It looks like the proverbial flying crap is about to hit the thermantidote. Someone in American mainstream media has finally said what the rest of the world has known for years, that the Bush administration has no-zero-nada credibility. From Keith Olbermann:
"If the Iraq debate seems especially exhausting, it may be due to the steady erosion of the foundation for any productive debate, facts."

But hey, who needs credibility when you can count on the rest of the media to stand slack jawed with their brains oozing out of their ears. The following is from an interview between Bush and David Ignatius, Washington Post Sept 15/06, concerning Iran:
The Khatami visit "said that the United States is willing to listen to voices," Bush explained. "And I hope that sends a message to the Iranian people that we're an open society, and that we respect the people of Iran." Clearly, the White House wants to reach out to segments of Iranian opinion beyond the hard-line president, Mahmoud Ahmadinejad.

Aside from the inane nature of this statement (and proveably false), a search of the White House web site on Middle East policy turns up only this on Iran (about 3/4 down the page):

The World Faces A Grave Threat From The Radical Regime In Iran

This Summer's Crisis In Lebanon Has Made It Clearer Than Ever That The World Faces A Grave Threat From The Radical Regime In Iran. The Iranian regime arms, funds, and advises Hezbollah, which has killed more Americans than any terrorist network except al Qaeda. It interferes extensively in Iraq, denies basic human rights to millions of its people, and is pursuing nuclear weapons in open defiance of its international obligations. We know the death and suffering that Iran’s sponsorship of terrorists has brought, and we can imagine how much worse it would be if Iran were allowed to acquire nuclear weapons.

Many Nations Are Working Together To Solve This Problem. The UN has passed a resolution demanding Iran suspend its nuclear enrichment activities.

Today Is The Deadline For Iran's Leaders To Reply To The Reasonable Proposal The International Community Has Made, Yet So Far They Have Responded With Further Defiance And Delay. We'll continue working closely with our allies to find a diplomatic solution, but there must be consequences for Iran’s defiance, and we must not allow Iran to obtain a nuclear weapon.

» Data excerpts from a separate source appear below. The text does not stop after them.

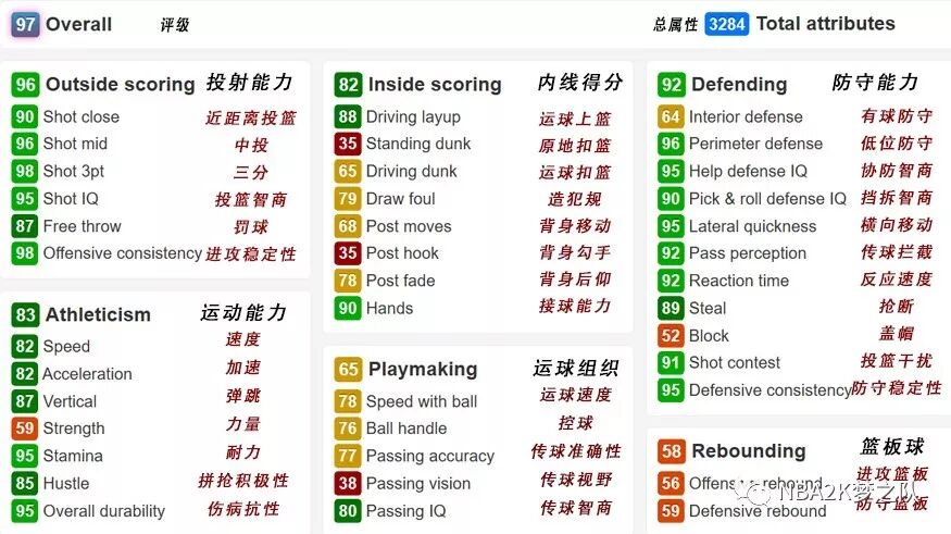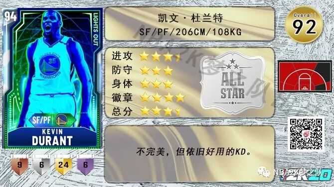 其实对于杜兰特这种超模球员来说,2K对这类球员经常会限制一些属性或徽章,比如粉大帅只有三紫,但这依然不会妨碍他们的好用程度,毕竟2K是个建模游戏,杜兰特也是如此,2米06身高加上超长臂展,在SF位置上除了字母哥,很难有人在模型和身高上与其比肩,反正我是没见过有哪张杜兰特不好用的。
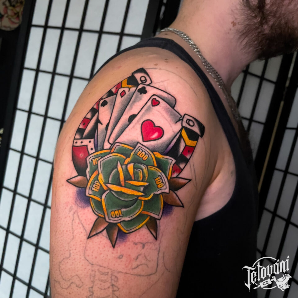 Tetování karty, květiny na rameno
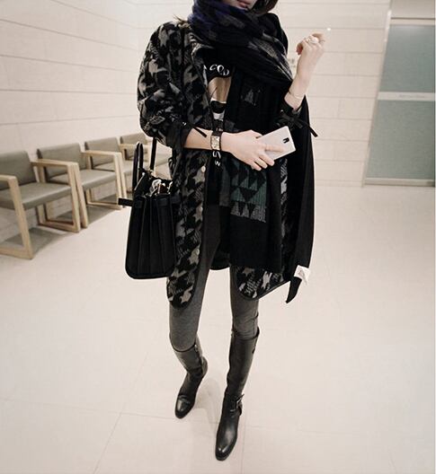 千鳥格子ウールコート ウールコート ジャケット コート アウター レディース ミドル丈 厚手 秋冬 チェック柄. a3572
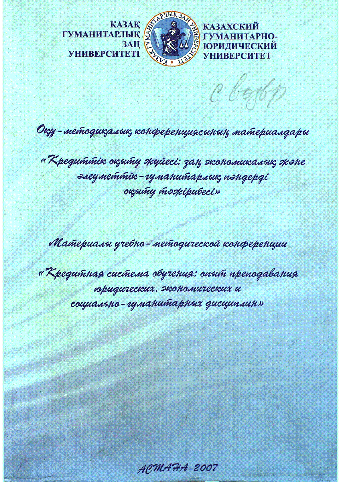 Кредитная сиcтема обучения: опыт преподавания юридических, экономических и социально-гуманитарных дисциплин : материалы учебно-методической конференции / ... – Астана : Изд-во КазГЮУ, 2007. - 75 с. - Текст на рус. и каз. языках . – Библиогр.: в конце ст. . – 9965-629-90-0

It ends on a rather threatening note, and no mention of any programs or initiatives, other than the UN's, towards a peaceful resolution.

Ignatius' article quotes Bush as saying:
"I would say to the Iranian people: We respect your history. We respect your culture. We admire the entrepreneurial skills of your people. I would say to the Iranian people that I recognize the importance of your sovereignty -- that you're a proud nation, and you want to have a positive future for your citizens," Bush said, answering quickly and without notes.

(Ooooh, without notes!)
Here's some US/Iran history for both Bush and Ignatius to mull over. Here's some more (CIA overthrows democratic govt. in 1953)......and more (US backs Saddam Hussein in Iran/Iraq war). There's lots more, enough to to keep their collective (ha!) brains busy for a while.

Bush goes on to say:
"I know that the more we can show the Iranian people the true intention of the American government," Bush concluded, "the more likely it is that we will be able to reach a diplomatic solution to a difficult problem."

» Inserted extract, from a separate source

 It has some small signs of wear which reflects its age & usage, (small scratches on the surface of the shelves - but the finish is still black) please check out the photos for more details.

They know the true intention of the American government, it's being demonstrated quite clearly right next door.

Father: Well son, what are your intentions with my daughter?
Suitor: Well, first I'd like to beat her. When she's all softened up I'll probably rape her repeatedly, and when I'm done with that I'll drain all her blood.

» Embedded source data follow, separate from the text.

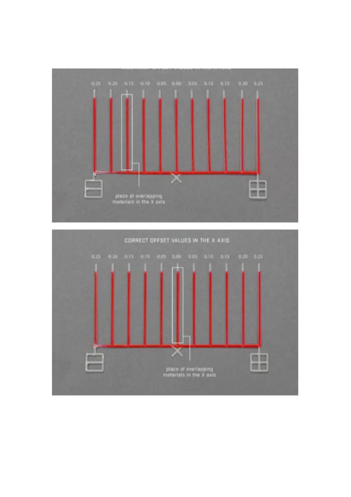 point 0.00. This line is distanced from point 0.00 at -0.15mm. This means that the X offset value is shifted by -0.15
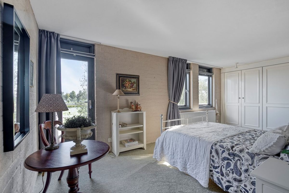 Op de tweede verdieping ligt een tweede slaapkamer die opnieuw verrast met uitzicht. Vanuit hier kijk je weids over de weilanden en geniet je elke ochtend van de rust en het groen. Dit maakt de ruimte niet alleen geschikt als slaapkamer, maar ook als inspirerende werk- of hobbykamer. Er is een extra ruimte aanwezig met wastafel en spiegel.
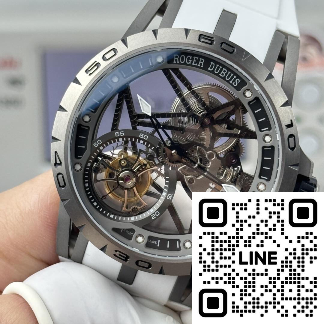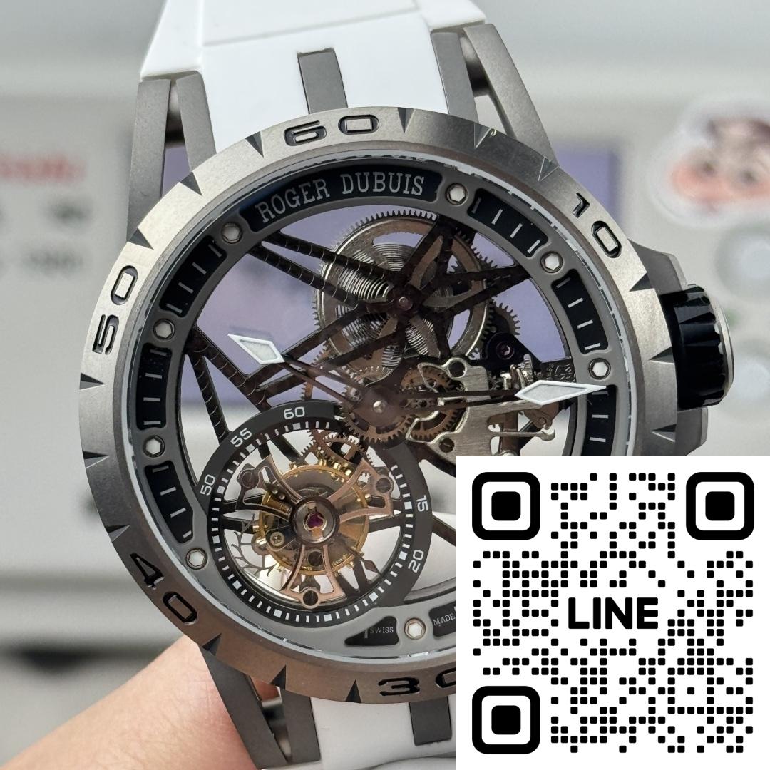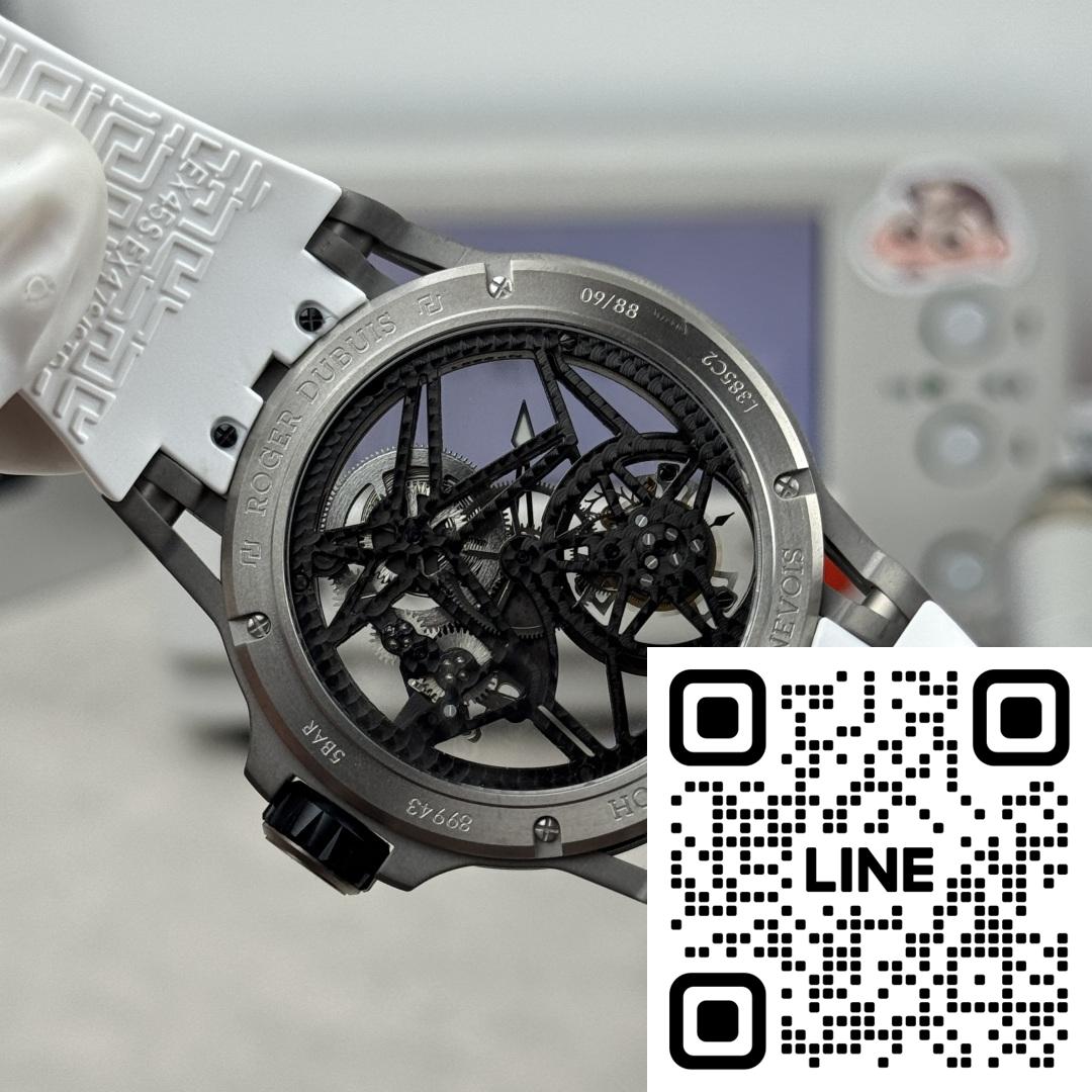 3.文字盤:スケルトン文字盤を採用。夜光インデックス付き。ブラックDLCコーティングチタン製秒針盤にはブラック分目盛とRoger Dubuis(ロジェ・デュブイ)の刻印。針には夜光塗料を施し、視認性に優れる。

The article ends on a happy note, with Ignatius being unable to frame any sort of perspective other than fawning obedience:
I came away with a sense that Bush is serious about finding a peaceful solution to the nuclear crisis, and that he is looking hard for ways to make connections between America and Iran.

He can make no sense, apparently, of history; that what George Bush says is rarely (never?) what he means.